_EXCERPTED RECORDS_

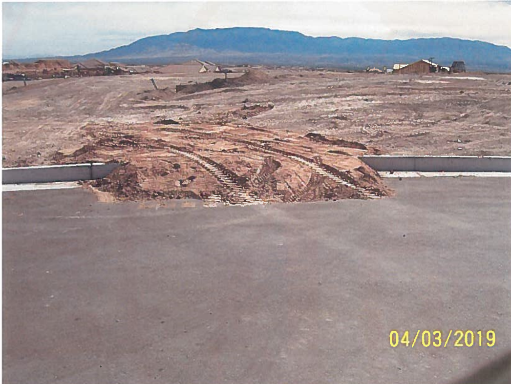
Another dirt ramp constructed in street.
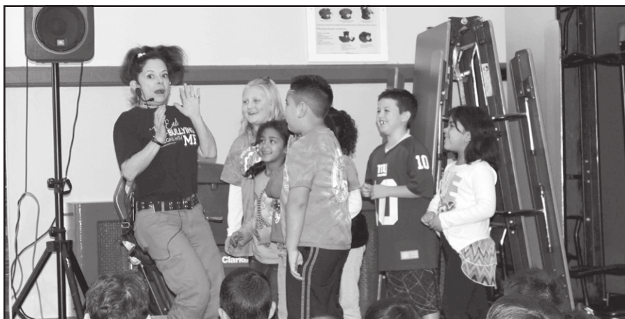
Deasy students stood up for their friend, who was being “bullied” as part of a skit.
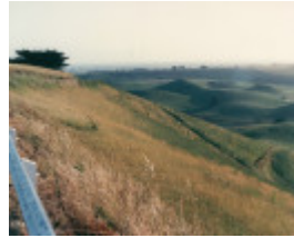
L10155 Mt Leura Complex
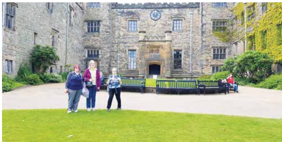
A visit to Towneley Hall and Park

were apart for so little time. They were remembered in the Vote of Condolence at the SEL Half Yearly Meeting on Saturday 29 October.
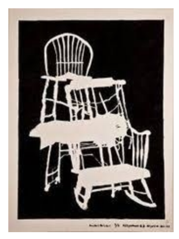
Step 4 / Inked in final version
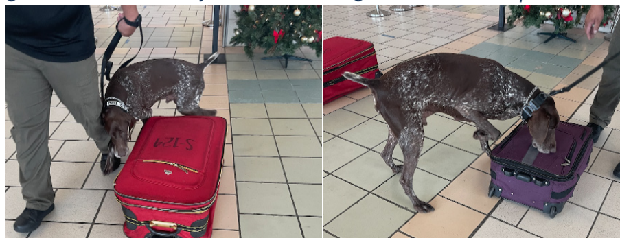
K-9 "Rex", and his handler conduct inspections on baggage in the Ticketing/Check In lobby. Rex is fully certified and trained in explosive detection in the transportation domain, and a deterrent to terrorism.
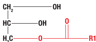
Figure 1. Monoglyceride Chemical Representation in MaxSimil Fish Oils (R1 = fatty acid)

Unique structure: One fatty acid attached to a glycerol backbone provides two polar ends that attract water and a non-polar tail end (R1) that attracts fat, thus enabling self-emulsification of the Omega MonoPure formulas.
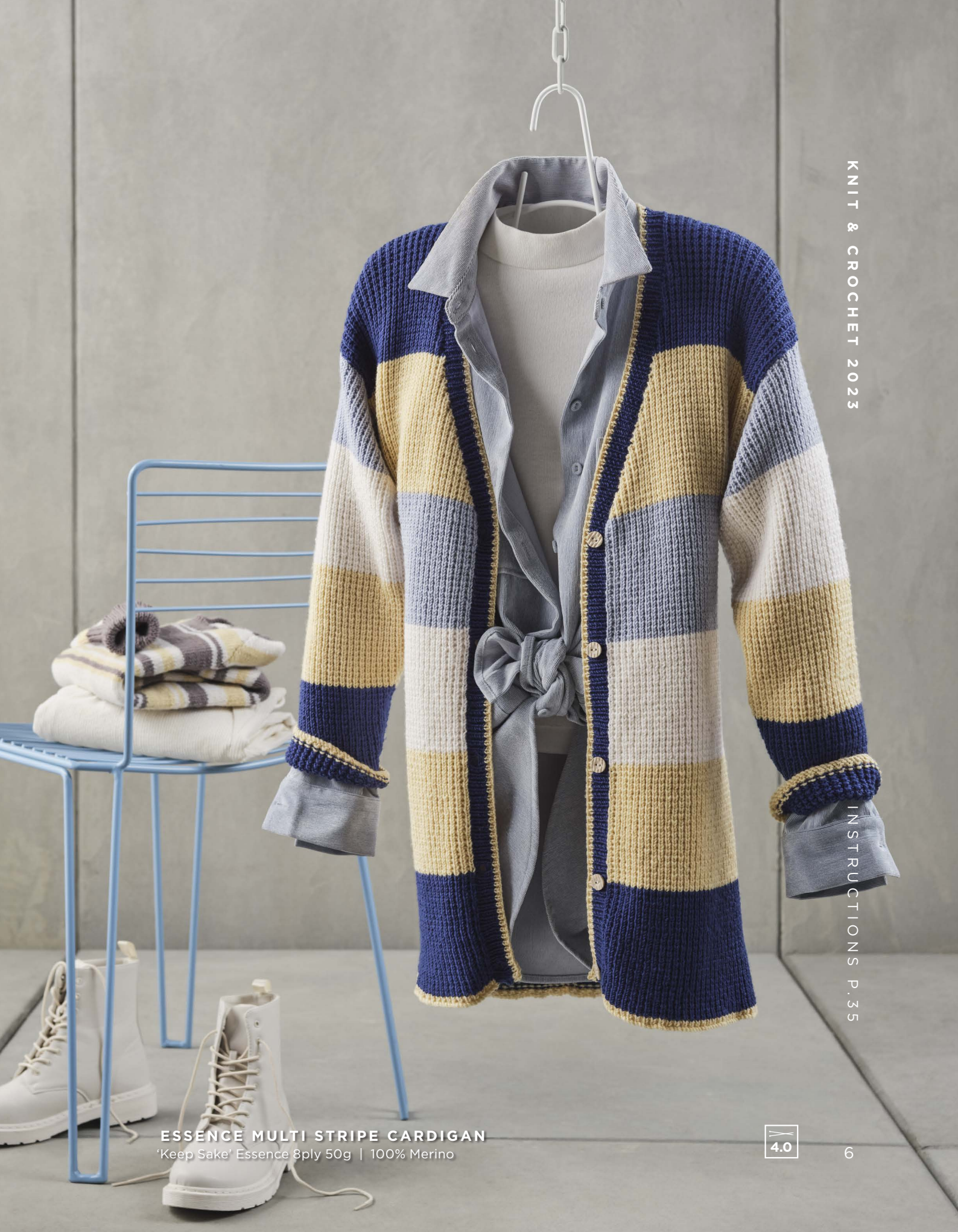
ESSENCE MULTI STRIPE CARDIGAN 'Keep Sake' Essence 8ply 50g | 100% Merino
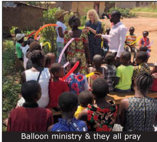
Balloon ministry & they all pray
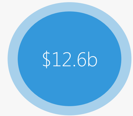
Wellness apps of mHealth market (in 2017)
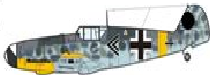
BF 109G-5, Gerhard Barkhorn, II./JG 52, Eastern Front, November 1943
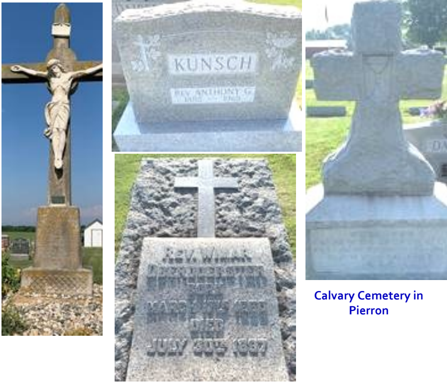
Calvary Cemetery in Pierron

HACSM is asking for donations of the following items to fill their Back-To-School backpacks. They are due by July 15th. Any size donation is appreciated! Post-it Notes, Colored Pocket Folders (3-ring), Red & Green Pocket Folders, Index Cards July Pantry Needs: Canned Mixed Fruit & Canned Pears HACSM can always use monetary donations to allow them to purchase additional items as needed. All food donations will still be accepted no matter the above assignment each month. We appreciate your support! Thank You!
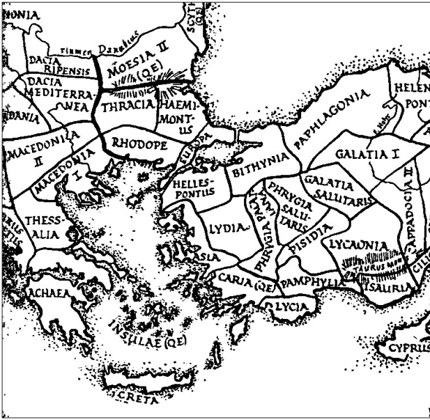
Fig. 11. Justinian's provinces. From JONES 1964, 1451, map 6

to be present on the walls of Hagia Sophia. Lorenzo Lazzarini has identified it in a roundel (which is not currently visible) in the pavement (LAZZARINI 2002, 64, Fig. 14), but the roundel probably stemmed from a 14 th century Cosmatesque-style addition. The stone, in fact, seems to be very rare in Constantinople in general. Lazzarini could identify only one other example, a column shaft in Hagia Irene (LAZZARINI 2002, 64, Fig. 14). Not only is breccia corallina from Vezirhan absent from the sixth-century structures of Hagia Sophia, but it also is unlikely that the stone ever had a significant presence there. The church's paneling is complete enough for it to be said that there is really no place for it. Much of the marble paneling of the outer walls of the side aisles has been replaced with painting, but it is hard to believe that the Silentiary would have put so much emphasis on a marble confined to this peripheral position. Furthermore, Vezirhan lies in Bythynia across the Bosphorus from Constantinople (Fig. 11), and it is hard to believe Paul would have placed it in Lydia.
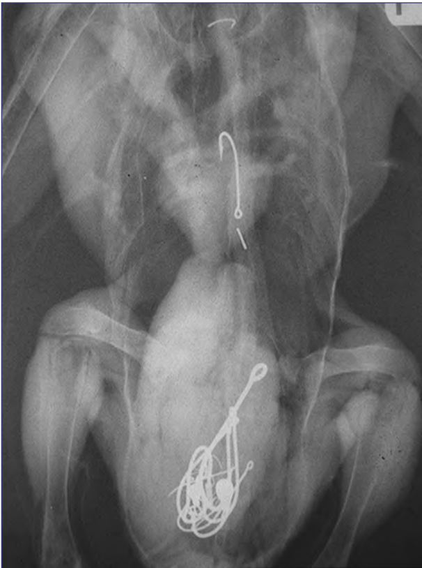
Radiograph of brown pelican with ingested fishing tackle including hooks and lead sinkers (Wildlife Care Center, Florida).

Species reported to have been poisoned by ingested lead fishing weights include trumpeter swans, brown pelicans, common loons, and other waterbirds. These birds may ingest sinkers attached to broken fishing line in hooked fish or may pick them up as grit. The use or sale of lead fishing tackle is restricted in national parks and wildlife areas in Canada. Restrictions also have been implemented in Maine, New Hampshire, New York, and Vermont, and in several United States National Wildlife Refuges and National Parks.
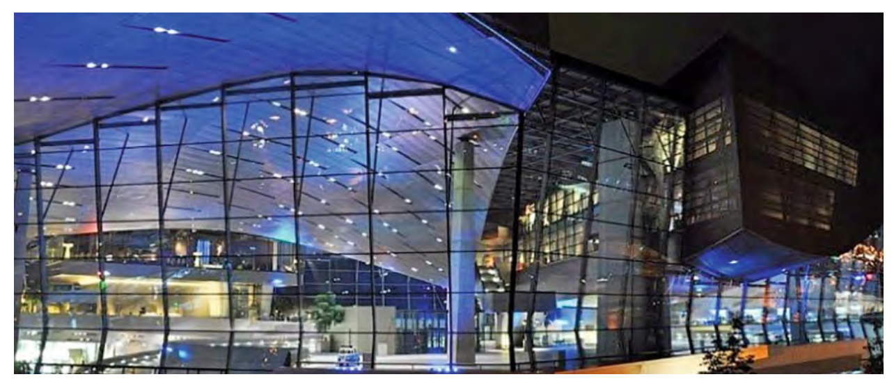
Fig.2 The glazed façade of the shop in Munich, BMW with a colour exteriorouter and interiorinner dynamic lighting in Munich

Lighting of Engineering Structures and Industrial Facilities: New Aspects of the Topic
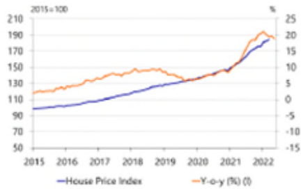
Chart 3: Price index development
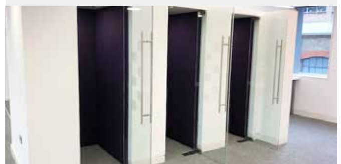
Clockwise from left: Kitchen and break area, main office space, private work booths
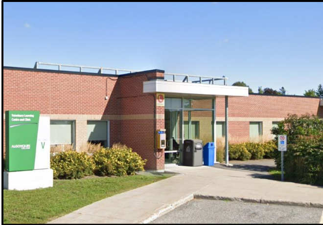
Photograph 1: Typical view of the exterior of the building.
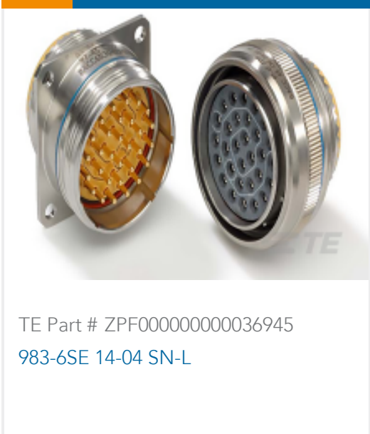
TE Part # ZPF0000000000036945 983-6SE 14-04 SN-L
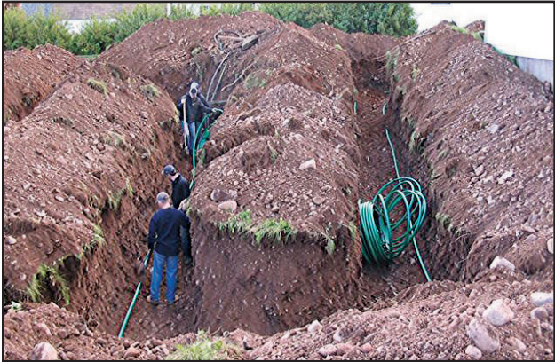
To reduce energy costs and reduce carbon emissions a geothermal heating system was installed at Mo's in Five Islands. Geothermal systems have a significant up-front capital cost but property owners normally get a total payback within seven years and enjoy the fact they never to buy oil or wood again.
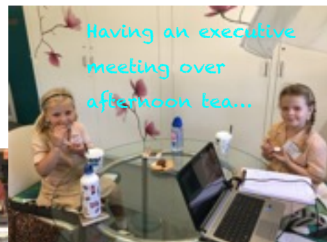
Having an executive meeting over afternoon tea...
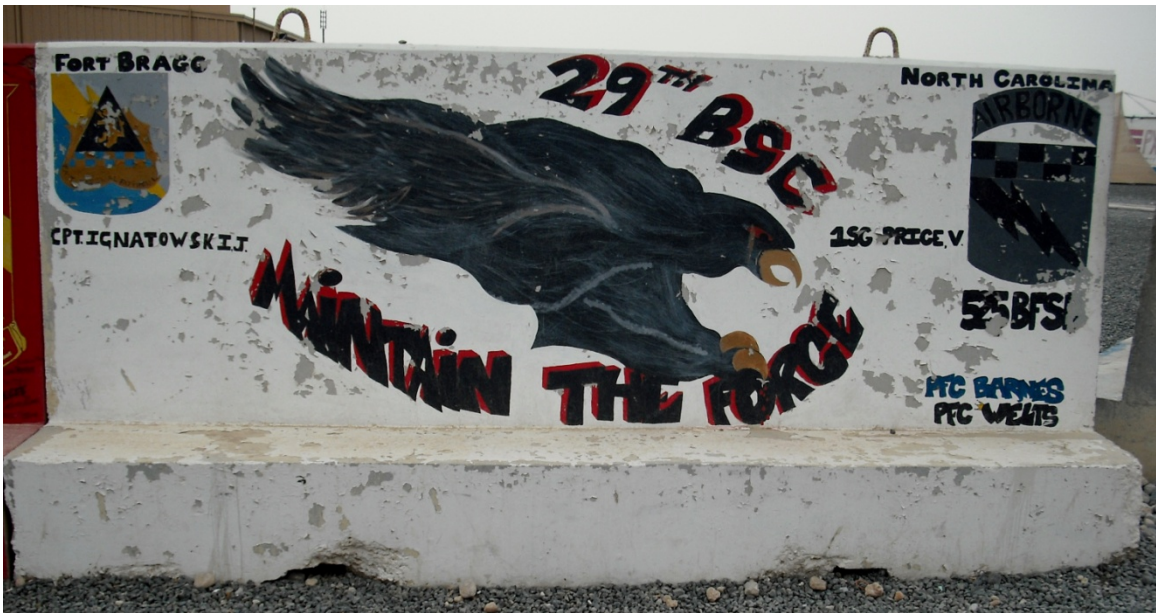
Support / Sustainment: 29th Brigade Support Company
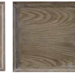
A5: Smoke Ash Sandblasted (L)** Semi-opaque greige finish with sand blasting technique to create wood character.**AVAILABLE ON ASH & OAK SANDBLASTED ITEMS ONLY.
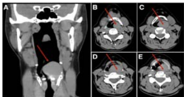
Figure 1: CT neck showing left supraglottic mass on coronal (A) and axial (B-E) sections.
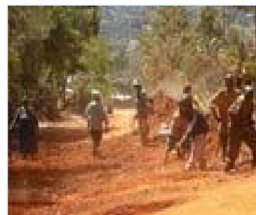
Boys repairing the road – Elizabeth provides food after their day's work

Bee-keeping has been introduced successfully to the village women who combined together and purchased the bee hive, with Elizabeth covering the gap in funds.
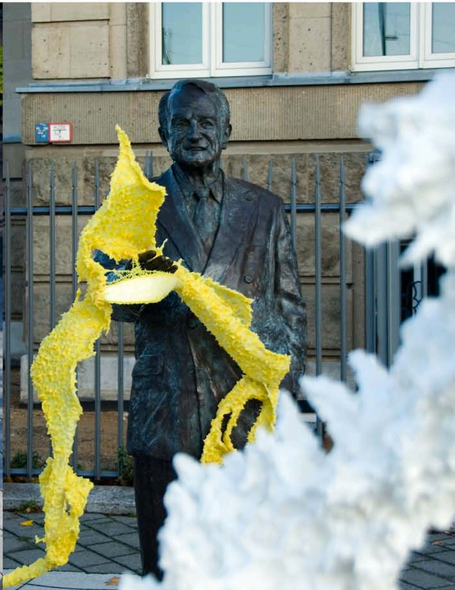
08.11. 2009: Düsseldorf bioism creatures exploring big world and meeting politician: "Kunst ist für alle da!"
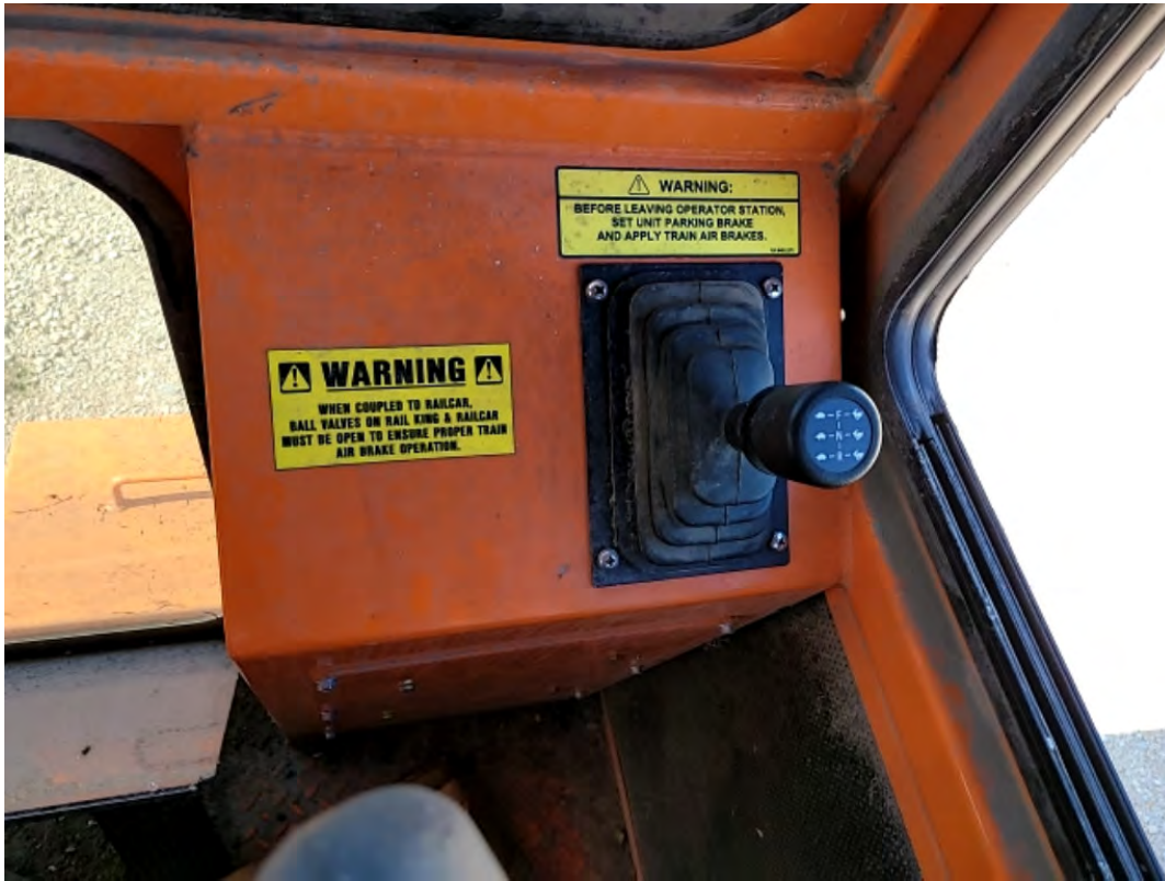
Right Control / 09-27-2021
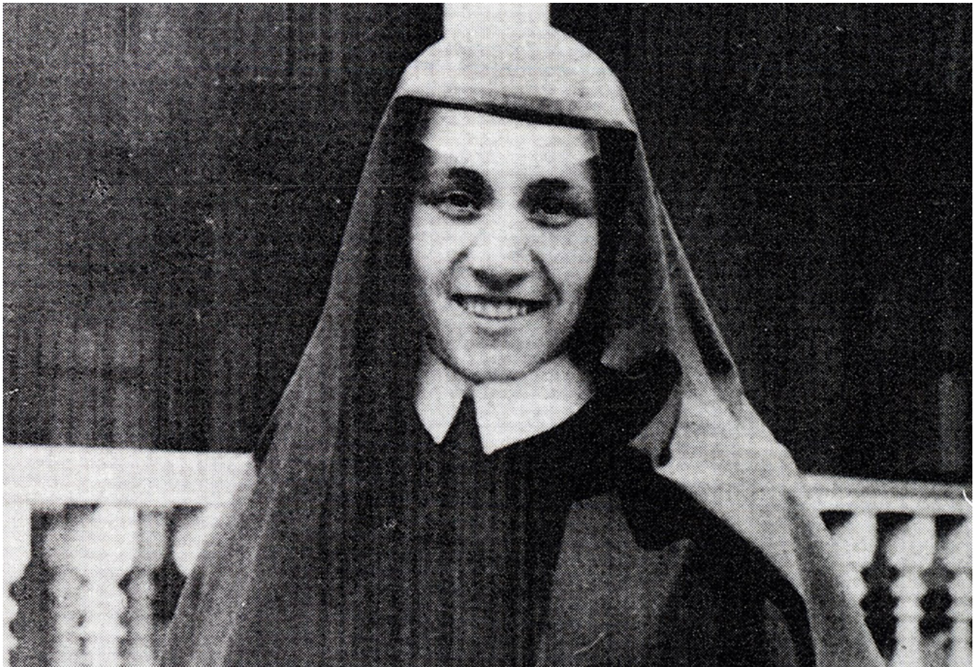
Sister Teresa, later to become Mother Teresa of Calcutta in India, is pictured as a member of the Sisters of Loretto. This photo was taken in the mid-1940s.

After declining his proposal, she offers her definition of helping:
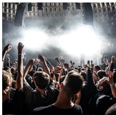
Tkacka Music Club 1.5 km from the Montownia

Music club in the centre of Gdańsk at Tkacka 9 Street, organising concerts by renowned artists and parties with DJs.
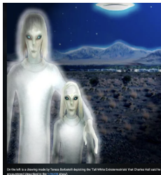
Figure 11: Drawing by Teresa Barbatelli of Tall Whites as described by Charles Hall, Jr.
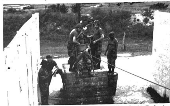
Basic camp cadets get rigorous training during Field Leadership Evaluation.

Spaces available for camp are limited, says Pierce. "We are particularly interested in students majoring in business, physical science and nursing." Interested students should contact Pierce at Classroom East (CE) 201 or call 994-2472.
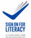
Finalist, Sign On for Literacy Challenge
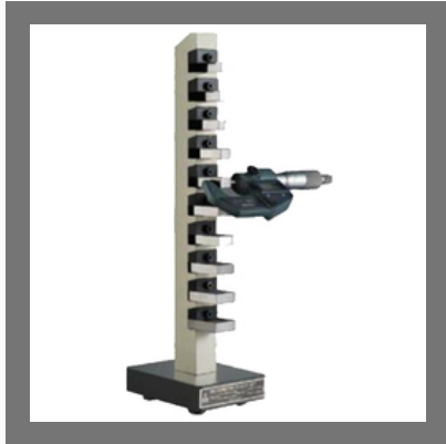
Micrometer Check Set
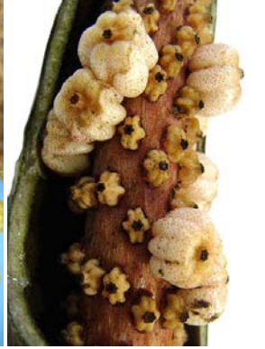
38 Taccarum ulei fruits
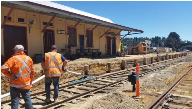
Another view of the Heritage Station Platform project showing installation of the piers and wall.
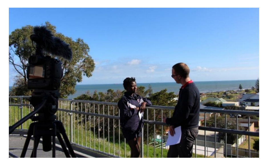
Filming at Bunbury Senior High School
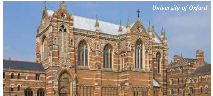
University of Oxford
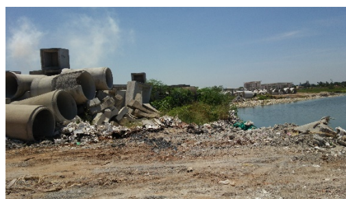
(a) Van Noi landfill in Dong Anh District

Except for collected CDW sent to controlled CDW landfills and marketable materials, other generated CDW is liable to be dumped illegally. The reduction of illegal dumping of CDW is a big challenge to every stakeholder involved, and effective countermeasures to suppress the illegal dumping of CDW in Vietnam are necessary. CDW has great value in reuse and recycling, but recycling of CDW is not yet fully developed in Vietnam.
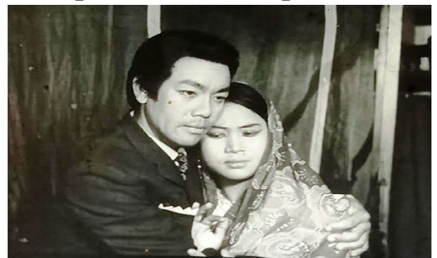
A scene from Brojendragi Luhongba (1972)
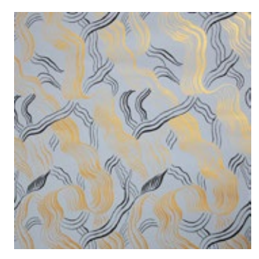
JUBILEE BLUE/GOLD GWP 3504.548
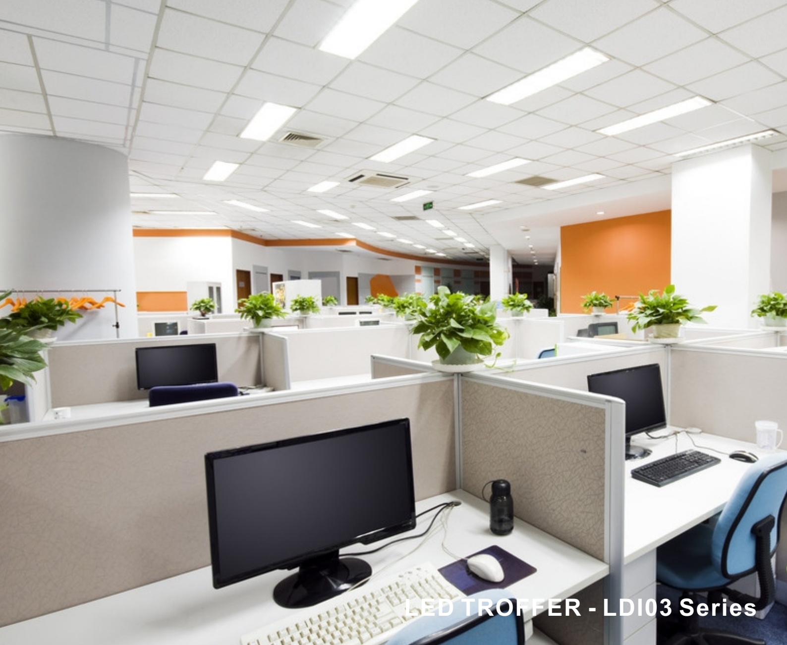
LED TROFFER - LDI03 Series

HOSSONI LDI03 series is an energy efficient commercial fixture that features high lumen and glare reduction. The LED incorporate a full metal fixture liner inside the housing with a high impact diffuser. HOSSONI LDI03 series is suitable for interior applications and can be placed on traditional office T-rail. HOSSONI LDI03 series has been designed to operate commercial institutions such as hospitals, offices, schools. It has a stylish design with soft lumens that provides a comfortable working area.
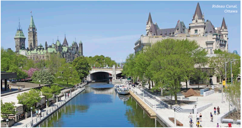
Rideau Canal, Ottawa

_EXERCISE DESCRIPTION_
From the material above, reproduce only what runs from the line holding "Calvary Cemetery in Pierron" down to the line holding "to be present", both included, pictures excluded.

_ANSWER SECTION_
Calvary Cemetery in Pierron

HACSM is asking for donations of the following items to fill their Back-To-School backpacks. They are due by July 15th. Any size donation is appreciated! Post-it Notes, Colored Pocket Folders (3-ring), Red & Green Pocket Folders, Index Cards July Pantry Needs: Canned Mixed Fruit & Canned Pears HACSM can always use monetary donations to allow them to purchase additional items as needed. All food donations will still be accepted no matter the above assignment each month. We appreciate your support! Thank You!
Fig. 11. Justinian's provinces. From JONES 1964, 1451, map 6

to be present on the walls of Hagia Sophia. Lorenzo Lazzarini has identified it in a roundel (which is not currently visible) in the pavement (LAZZARINI 2002, 64, Fig. 14), but the roundel probably stemmed from a 14 th century Cosmatesque-style addition. The stone, in fact, seems to be very rare in Constantinople in general. Lazzarini could identify only one other example, a column shaft in Hagia Irene (LAZZARINI 2002, 64, Fig. 14). Not only is breccia corallina from Vezirhan absent from the sixth-century structures of Hagia Sophia, but it also is unlikely that the stone ever had a significant presence there. The church's paneling is complete enough for it to be said that there is really no place for it. Much of the marble paneling of the outer walls of the side aisles has been replaced with painting, but it is hard to believe that the Silentiary would have put so much emphasis on a marble confined to this peripheral position. Furthermore, Vezirhan lies in Bythynia across the Bosphorus from Constantinople (Fig. 11), and it is hard to believe Paul would have placed it in Lydia.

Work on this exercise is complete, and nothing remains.